Tories on defence

Posted by Helen Monday, September 04, 2006

Being a Tory Historian, one is naturally interested in ideas that are Tory, rather than the more modern Conservative. Reading Professor Jeremy Black’s most recent book: “The Dotted Red Line” about British defence policy Tory Historian found the following interesting comments in the Introduction:

“[T]he distinctive Tory approach to defence began in the early days of the Tory party in England, at the close of the seventeenth century and in the opening decades of the eighteenth. Furthermore, defence and foreign policy were not then on the margins of party positions, but indeed were central to them. The Tory position was based on hostility to continental nterventionism associated with the rival Whigs; instead, the Tories counselled caution over foreign commitments, and particularly alliance politics and warfare on the European continent.”
Interventionism on the European continent, the Tories judged, led to an increase in the army and centralized government, both politically dangerous.
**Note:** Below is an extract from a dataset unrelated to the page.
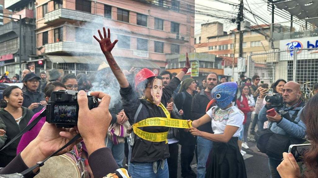 «En #PaloQuemado, la situación es crítica. La fuerza policial y militar ha sitiado la zona, y las declaraciones del Comando Conjunto de las Fuerzas Armadas han exacerbado la violencia estatal. Bajo el pretexto de la inseguridad, el Estado arremete violentamente contra los pueblos y nacionalidades que ejercen su legítimo derecho a la protesta en rechazo a la minería».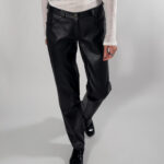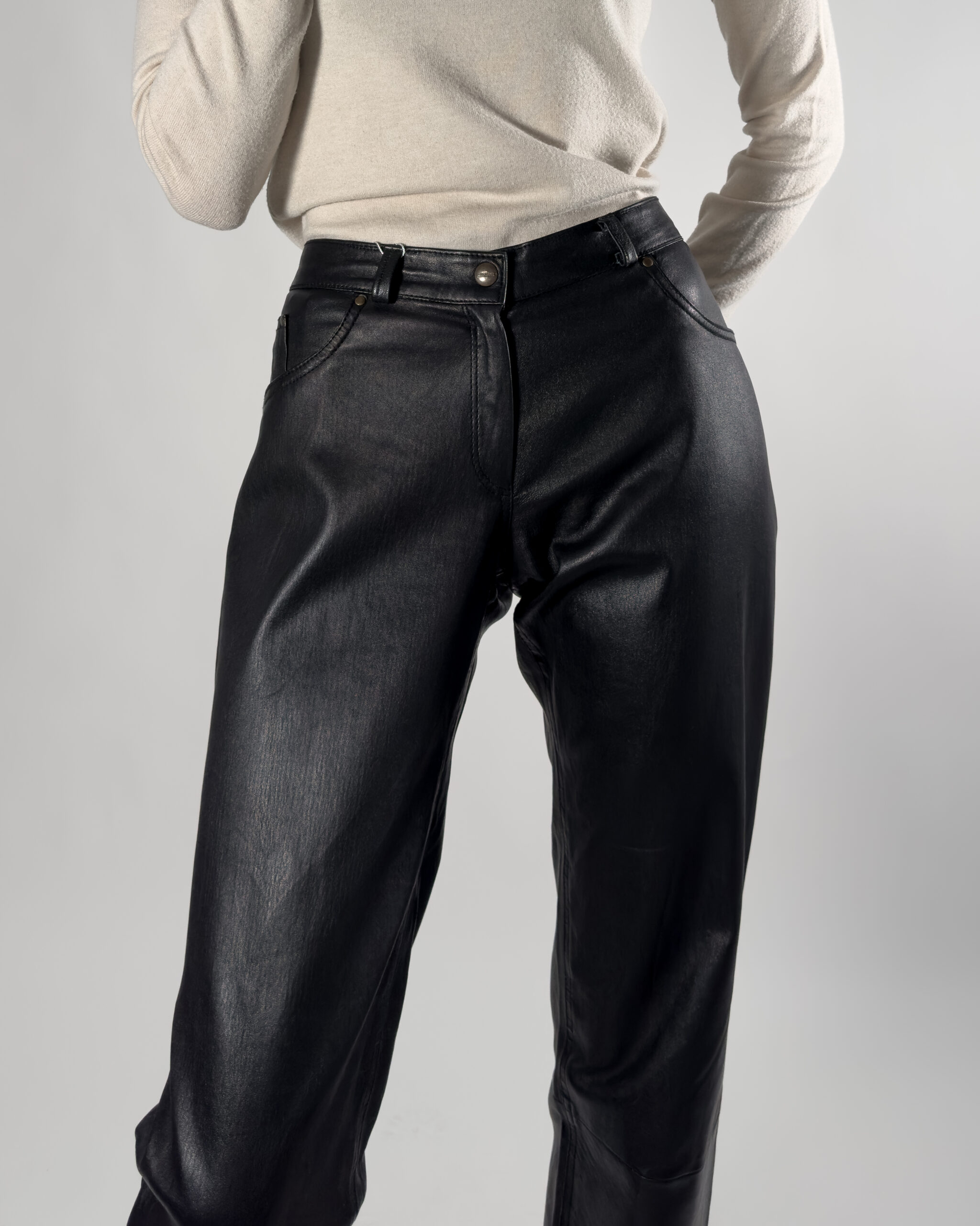 Leather trousers in classic black. Designed with zipper closure, belt holes, and functional front pockets.

Instead, they focused on a “blue water” policy:
“an expansion of naval strength, and its use in the unilateral pursuit of national interest, and particularly in pursuit of maritime hegemony and colonial gains outside Europe.”
These two, sometimes contradictory, sometimes complementary aims have continued to bedevil foreign policy decisions, in particular those made by the Conservative Party at various times.

Being only half-way through Professor Black’s book Tory Historian is unable to say (but will do so on a future occasion) what his conclusions will be about the present day but the duality of aims has not disappeared simply because the Empire has gone and Britain’s defence and armament policy has reduced her to a minor player in the field.

The question might be posed differently now: should political and diplomatic (as well as defence) discussions be aimed largely at Britain being involved in the European project of the new state, the European Union; or should greater emphasis be placed on close relations with the countries of the Anglosphere, which are over the blue water?